━━ RECORDED DATA ━━

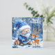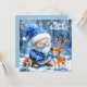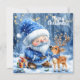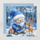 In a serene forest dusted with snow, a cheerful Santa Gnome in a blue snowflake coat shares a gentle moment with a reindeer adorned in a matching scarf and festive antlers. Glowing lights twinkle through the trees, and colourful gifts nestle in the snow, adding a touch of magic to the peaceful scene. This heartwarming illustration captures the spirit of kindness, wonder, and winter enchantment.
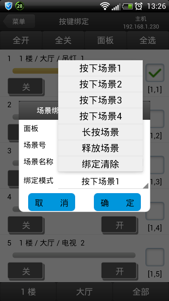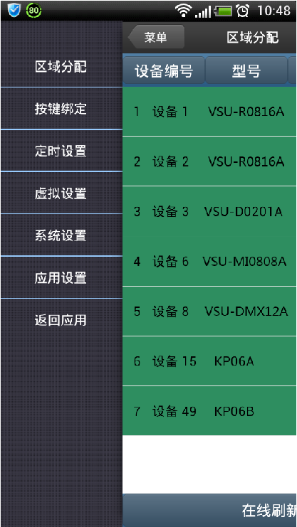結(jié)合工程實(shí)際,VSU-GW64主機(jī)與基于VSU-NET總線的VSU-R0816A執(zhí)行模塊、面板、觸屏等組成智能照明控制系統(tǒng),通過(guò)我們提供的免費(fèi)安卓版配置軟件,可以輕松實(shí)現(xiàn)按鍵綁定、場(chǎng)景設(shè)置、定時(shí)等配置及控制。
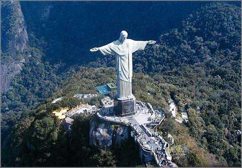 里約熱內盧的耶穌山,山丘位於海拔2310尺,是觀光里約熱內盧的最理想地方,山丘上有一巨型耶穌像。這塑雕像,是巴西著名雕塑家瓦爾·科斯塔及其同伴們,花費了整整45年的時間精心設計,協力雕塑,於在1931年完成了的一個建築壯舉。雕像總高
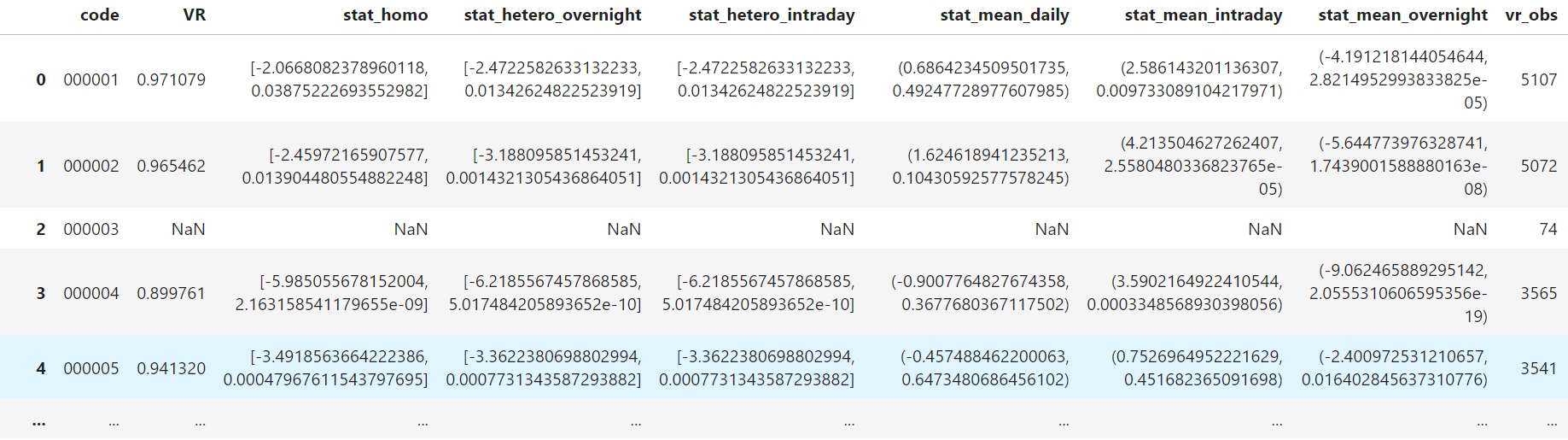 函数的参数code代表股票代码,log_daily_rets表示日度收益率序列,log_intraday_rets表示日内收益率序列,log_overnight_rets表示隔夜收益率序列,obs_limit表示最小观测值限制
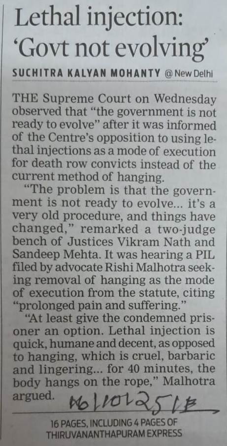 Lethal injection : Govt not evolving By admin | 17/10/2025 - 9:01 AM |17/10/2025 HEALTH Bookmark the permalink.
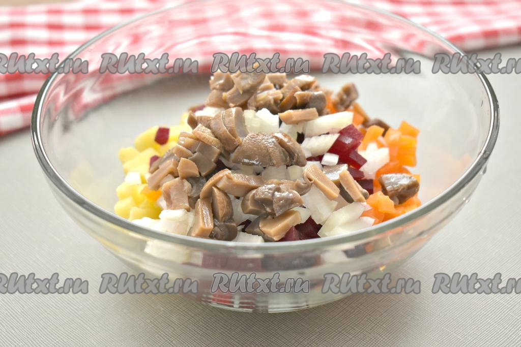 Добавляем маринованные грибы, нарезанные на маленькие кусочки, в миску с винегретом.
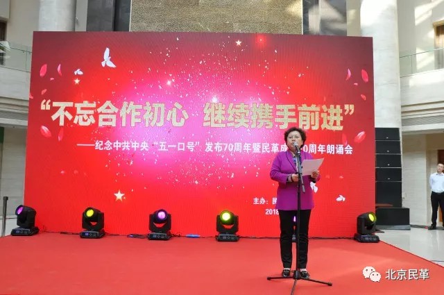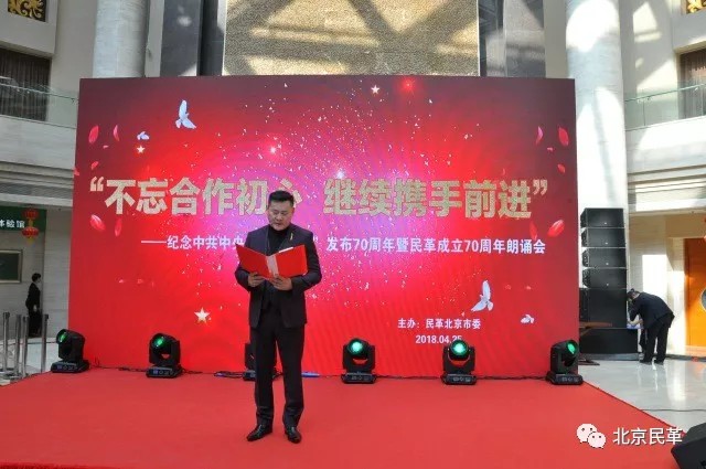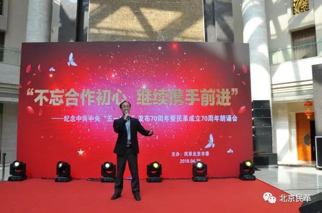 4月25日,民革北京市委举办“不忘合作初心,继续携手前进”——纪念中共中央发布“五一口号”70周年暨民革成立70周年朗诵会。全国政协常委、民革中央副主席、北京市副市长、民革市委主委王红,民革市委专职副主委褚玉梅出席活动。应邀出席活动的还有团结出版社副社长赵广宁,以及民革中央宣传部、团结报社、中共北京市委统战部的有关同志。民革市委常委、委员、各区级组织负责人及党员代表、民革市委机关干部等近300人参加了此次活动。 王红在致辞中说:70年前,中共中央发布 “五一口号”,为中国共产党领导的多党合作和政治协商制度的形成和建立奠定了重要的政治基础,是我国多党合作制度发展史上具有里程碑意义的重要历史事件。70年前,民革中央发表《响应“五一”号召的声明》,响应中共“五一”口号、参加新政协运动、确认中国共产党的领导地位,是民革史上的一个重大转折,是民革顺应历史潮流的必然选择,是民革继承和发扬孙中山爱国革命不断进步精神的重要体现。自觉接受中国共产党领导,是民革光荣传统的核心,是民革立党之本。 70年来,正是得益于新型政党制度的优越性,中国共产党团结带领包括各民主党派、无党派人士在内的全国各族人民勠力同心、接续奋斗,使中华民族迎来了从站起来、富起来到强起来的伟大飞跃。 70年来,正是得益于新型政党制度的优越性,民革自身也得到了健康发展,面貌焕然一新。目前,全国共有民革党员13万人,30个省级组织,民革市委已经拥有近6000名党员。他们分布全市在各个领域,不仅在本职工作中发挥着积极作用,也为首都发展贡献了智慧和力量。 今天,我们以朗诵会形式重温“五一口号”,就是要学习贯彻习近平新时代中国特色社会主义思想和中共十九大精神,始终不渝地坚持中国共产党的领导,始终在思想上政治上行动上同以习近平同志为核心的中共中央保持高度一致,不断增强制度自信,切实提高履职水平,共同坚持好、发展好、完善好中国共产党领导的多党合作和政治协商制度,在新时代展现多党合作的新气象新作为。 邹一正《自由、奋斗、救中国》 刘燕、孙书文《最快乐的一天》 艾莉《我为“五一口号”放声歌唱》 王广营《“五一口号”感怀》 张启惠、何小威《不忘初心》 陈揆《假如我能穿越时空》 李筱松、葛楠、李世峰 《继承民革传统 不忘合作初心》 王茜 文雯 燕镜伊 李京 赵广宇 王耀谦 李子聪 《不能忘却的初心》 邰超《沁园春·雪》 杨淑红《两岸的春天》 王彤彤《初心犹未改 携手话征程》 高琦《乡愁》 齐欢《倾听中国故事 感悟中国智慧》 何洋《启盼团圆》 徐晓栋《祖国啊,我亲爱的祖国》 王淑娟、陈明《风雨同舟 共创伟业》 黄帝《我的祖国》 伴随着柔美的音乐,一首气势磅礴、富含深情的集体朗诵诗歌——《庄严的选择》为朗诵会拉开了帷幕。本次朗诵会从全市党员里面的朗诵爱好者中精选了17个节目依次登台亮相。选手们一个个正装上台,或激昂,或柔缓,或急促,或随和,一段段激情飞扬的词句感染了在座的每个人。有的诠释了对祖国、对民革的热爱;有的深情款款的回忆起多党合作之路的光荣历史,民革的光荣历史;有的以情景再现的形式表达了对民革历史伟人的无限怀念;有的满怀激情地述说着对祖国美好未来的祝福。最后,全体朗诵者登台共唱《我和我的祖国》,将活动推向高潮,表达了民革党员对祖国明天无限美好的期待。 |

━━━

* **ABOUT THIS TASK**: "函数的参数code代表股票代" marks the first line to copy, and "Добавляем маринованные грибы, нарезанные" marks the last. Repeat that stretch above exactly, with no pictures.

* **EXERCISE SOLUTION**:
 函数的参数code代表股票代码,log_daily_rets表示日度收益率序列,log_intraday_rets表示日内收益率序列,log_overnight_rets表示隔夜收益率序列,obs_limit表示最小观测值限制
 Lethal injection : Govt not evolving By admin | 17/10/2025 - 9:01 AM |17/10/2025 HEALTH Bookmark the permalink.
 Добавляем маринованные грибы, нарезанные на маленькие кусочки, в миску с винегретом.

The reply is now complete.